BRIEF: Skip all pictures. Set down only the lines starting at the line containing "A silk scarf" and running to the end of the listing.

THE DATA:

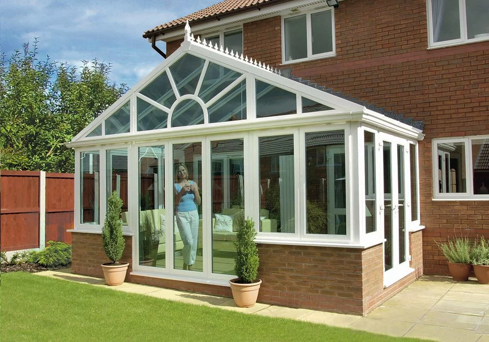 Gable conservatories offer excellent design inspiration especially if noted the sunburst/sun rising style front. For bungalows and other height-restricted situations, a hipped-back roof with a box gutter is normally supplied.
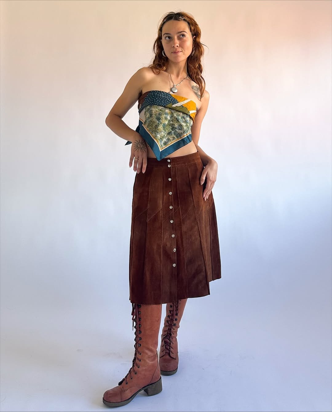 A silk scarf turned bandeau paired with a chocolate suede button-front skirt feels very 70s muse. The earthy palette, the tall lace-up boots, the relaxed posture, it all whispers laid-back confidence.
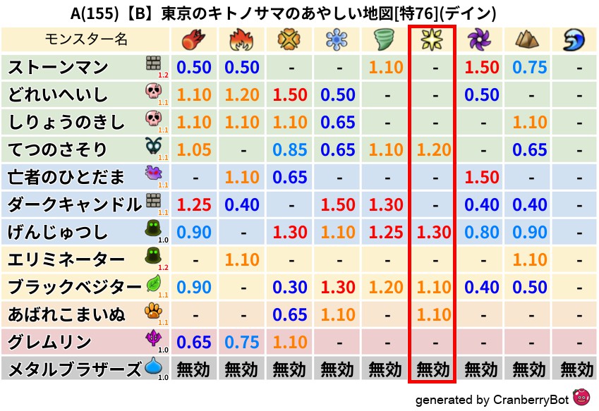 • 最高系統出現率:一番出現率の高いモンスターの系統、こころドロップ率アップの参考に!
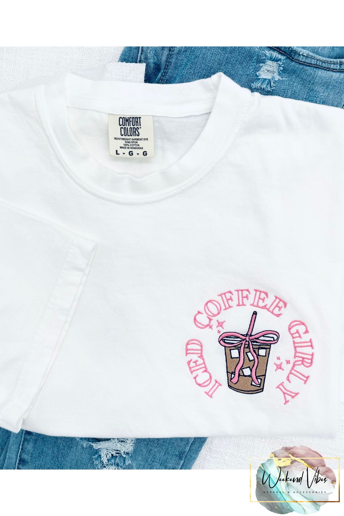 Keywords: Women's t-shirt, iced coffee, white mocha, starbies, Saturday Mornings, treat yourself, Soft Cotton, Casual Sunday, comfort colors, loungewear, teen gift, Shop Local, Weekend Vibes, weekendvibesapparel.

RESPONSE BOX:
 A silk scarf turned bandeau paired with a chocolate suede button-front skirt feels very 70s muse. The earthy palette, the tall lace-up boots, the relaxed posture, it all whispers laid-back confidence.
 • 最高系統出現率:一番出現率の高いモンスターの系統、こころドロップ率アップの参考に!
 Keywords: Women's t-shirt, iced coffee, white mocha, starbies, Saturday Mornings, treat yourself, Soft Cotton, Casual Sunday, comfort colors, loungewear, teen gift, Shop Local, Weekend Vibes, weekendvibesapparel.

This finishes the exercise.